Work to be completed |
In the entries below, find the line with "2月28日下午,品茗科技股份" and the line with "ഒല്ലൂക്കര ബ്ലോക്ക് പഞ്ചായത്തിൽ"; reproduce those two lines and all lines between them exactly, without pictures.

Data shown |
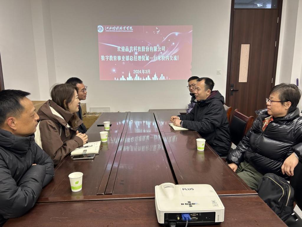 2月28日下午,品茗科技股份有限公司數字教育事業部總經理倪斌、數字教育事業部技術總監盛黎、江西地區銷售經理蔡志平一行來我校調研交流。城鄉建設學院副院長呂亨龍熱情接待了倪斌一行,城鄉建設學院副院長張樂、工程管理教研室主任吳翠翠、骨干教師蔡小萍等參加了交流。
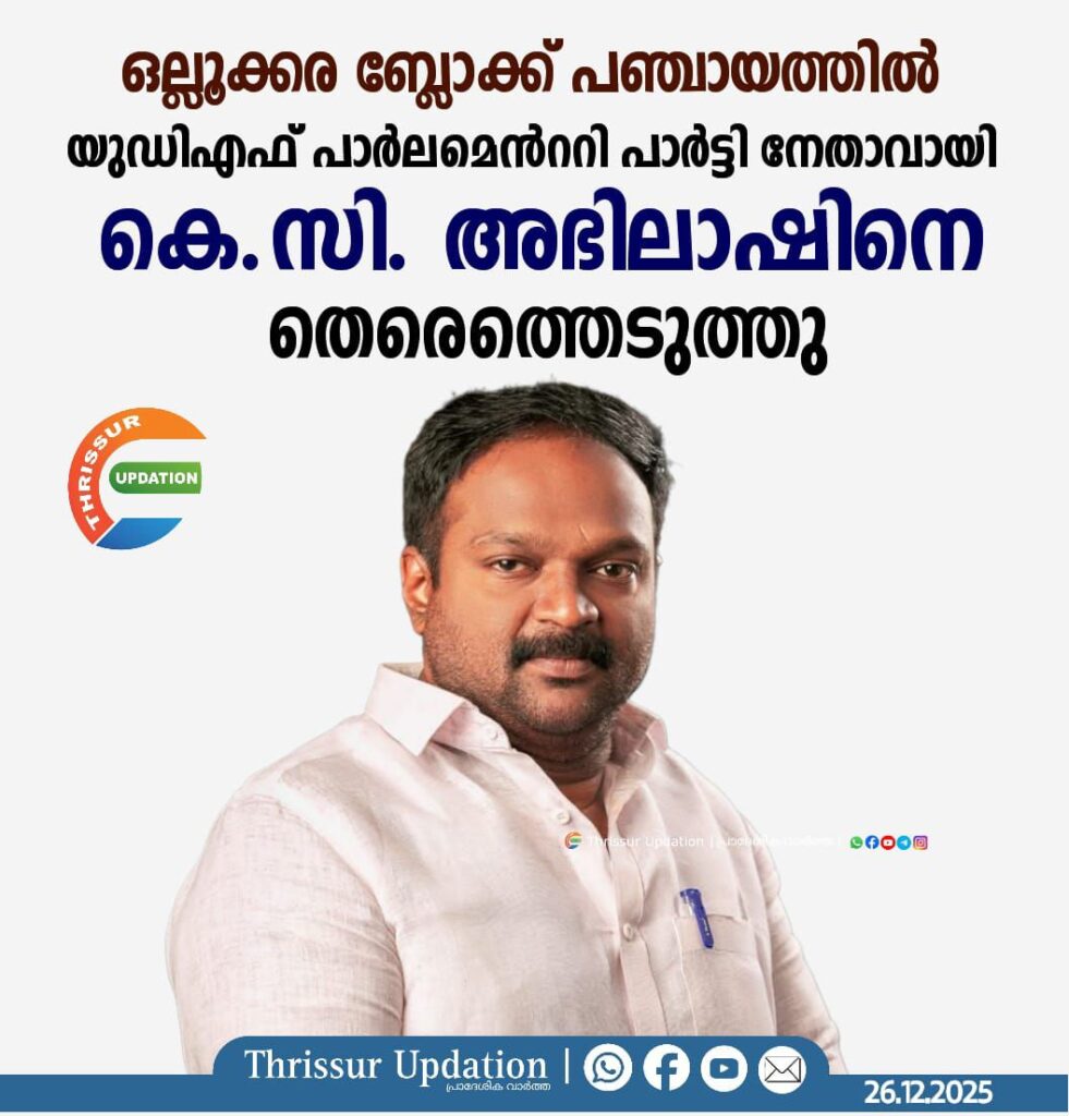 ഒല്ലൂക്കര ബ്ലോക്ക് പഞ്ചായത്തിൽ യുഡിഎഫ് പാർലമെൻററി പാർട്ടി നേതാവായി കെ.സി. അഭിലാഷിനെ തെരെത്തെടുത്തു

* * *

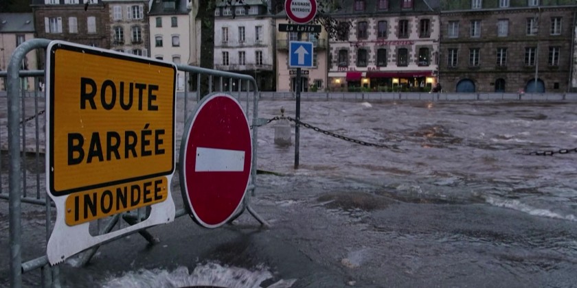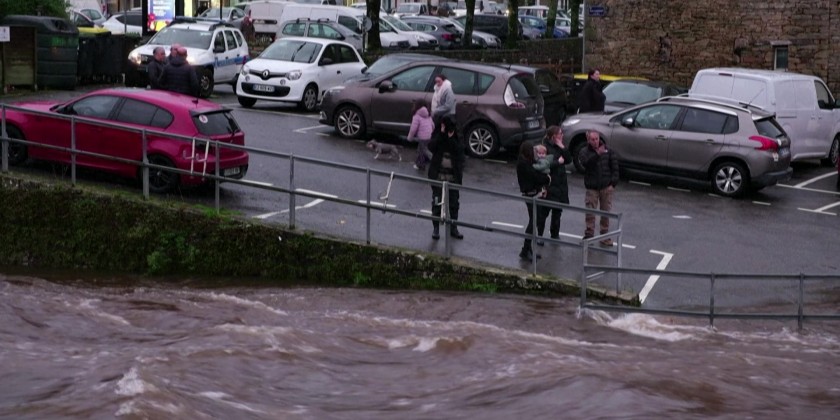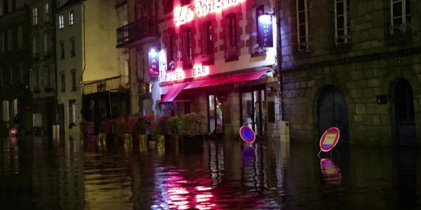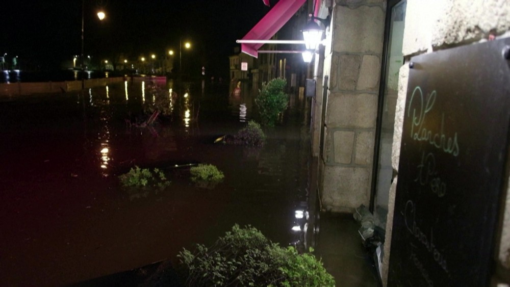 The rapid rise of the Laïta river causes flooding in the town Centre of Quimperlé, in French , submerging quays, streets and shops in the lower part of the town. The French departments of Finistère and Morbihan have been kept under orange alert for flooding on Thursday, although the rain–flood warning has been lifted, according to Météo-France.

==

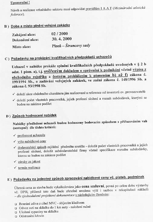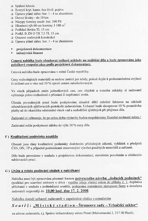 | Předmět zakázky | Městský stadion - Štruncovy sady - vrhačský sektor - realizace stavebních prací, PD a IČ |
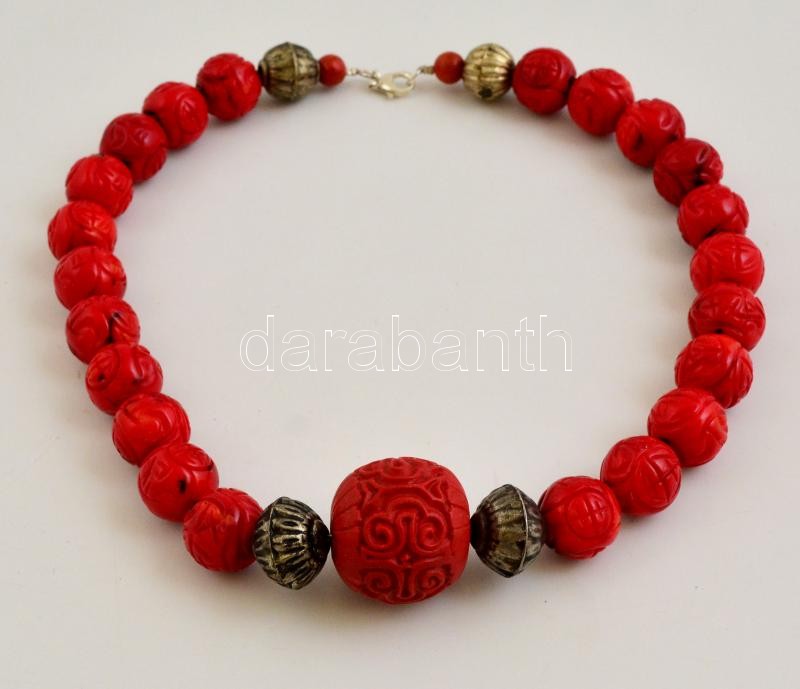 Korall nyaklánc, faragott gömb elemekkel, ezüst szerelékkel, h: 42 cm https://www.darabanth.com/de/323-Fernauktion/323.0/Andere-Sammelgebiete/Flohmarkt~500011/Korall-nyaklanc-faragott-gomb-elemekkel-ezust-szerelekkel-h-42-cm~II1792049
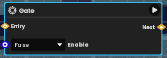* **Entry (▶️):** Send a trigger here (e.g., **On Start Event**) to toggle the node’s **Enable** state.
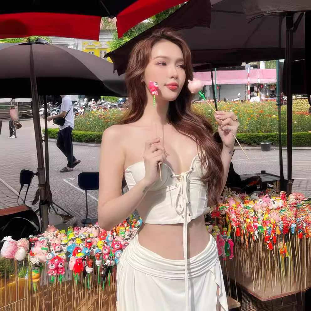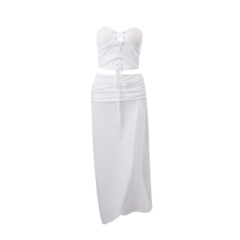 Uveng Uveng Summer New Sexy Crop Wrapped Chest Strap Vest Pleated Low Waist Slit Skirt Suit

Answer to this exercise |
 2月28日下午,品茗科技股份有限公司數字教育事業部總經理倪斌、數字教育事業部技術總監盛黎、江西地區銷售經理蔡志平一行來我校調研交流。城鄉建設學院副院長呂亨龍熱情接待了倪斌一行,城鄉建設學院副院長張樂、工程管理教研室主任吳翠翠、骨干教師蔡小萍等參加了交流。
 ഒല്ലൂക്കര ബ്ലോക്ക് പഞ്ചായത്തിൽ യുഡിഎഫ് പാർലമെൻററി പാർട്ടി നേതാവായി കെ.സി. അഭിലാഷിനെ തെരെത്തെടുത്തു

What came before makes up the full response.